Evaluation and Test of Impact-Resistant Overload Capability of Companion-Type Direct Cooling Motor

In the actual working process of the motor, there will be short-term overload conditions, which puts forward higher requirements for maintaining the overload capacity of the motor. Due to the limitation of the thermal limit on the overload capacity of the motor, taking a 250kW permanent magnet synchronous motor (PMSM) as an example, this paper proposes a thermal management scheme of companion-type direct cooling, and establishes a three-dimensional thermal network model considering the secondary circulation factor.

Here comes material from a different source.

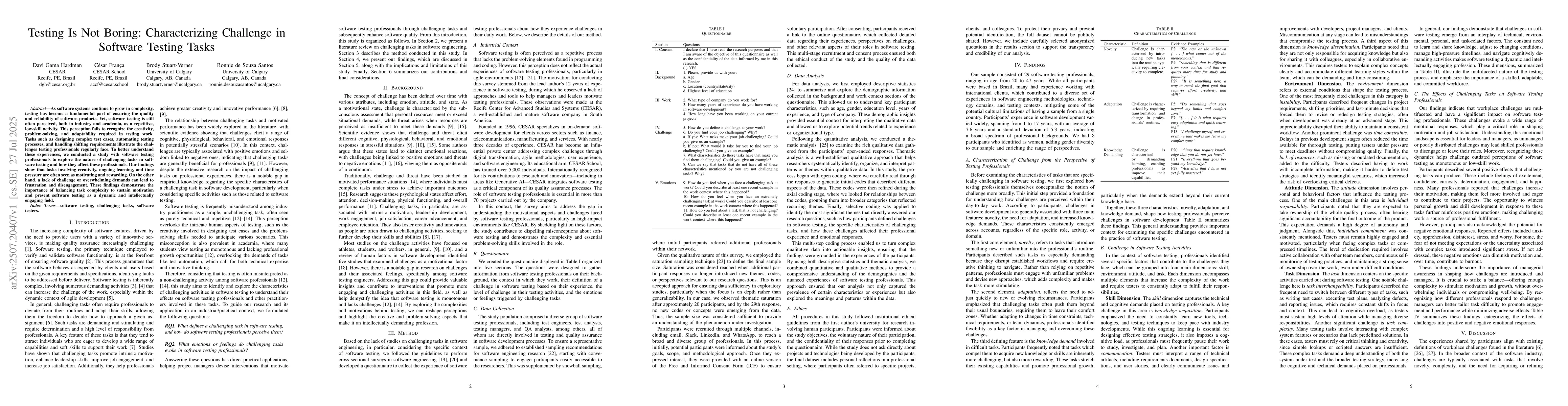 As software systems continue to grow in complexity, testing has become a fundamental part of ensuring the quality and reliability of software products. Yet, software testing is still often perceived, both in industry and academia, as a repetitive, low-skill activity. This perception fails to recognize the creativity, problem-solving, and adaptability required in testing work. Tasks such as designing complex test cases, automating testing processes, and handling shifting requirements illustrate the challenges testing professionals regularly face. To better understand these experiences, we conducted a study with software testing professionals to explore the nature of challenging tasks in software testing and how they affect these professionals. Our findings show that tasks involving creativity, ongoing learning, and time pressure are often seen as motivating and rewarding. On the other hand, a lack of challenge or overwhelming demands can lead to frustration and disengagement. These findings demonstrate the importance of balancing task complexity to sustain motivation and present software testing as a dynamic and intellectually engaging field.

At the same time, in order to explore the influence of the thermal management scheme on the overload capacity of the motor when there is an impact load, on the premise that there is a safety margin for the hottest spot temperature of the winding under the rated state of the motor, the impact load is simulated by setting the overload torque, the thermal network model is used to compare and analyze the temperature field of the motor based on the companion-type direct cooling and the indirect casing cooling, and combining with the insulation limit to quantitatively compare the overload capacity of the motor after impact load. Through the simulation test, it is verified that the motor based on the companion-type direct cooling has efficient heat dissipation and stronger impact-resistance overload capability. The proposal of the companion-type direct cooling scheme has important practical significance for excavating the load potential of the motor under actual operating conditions.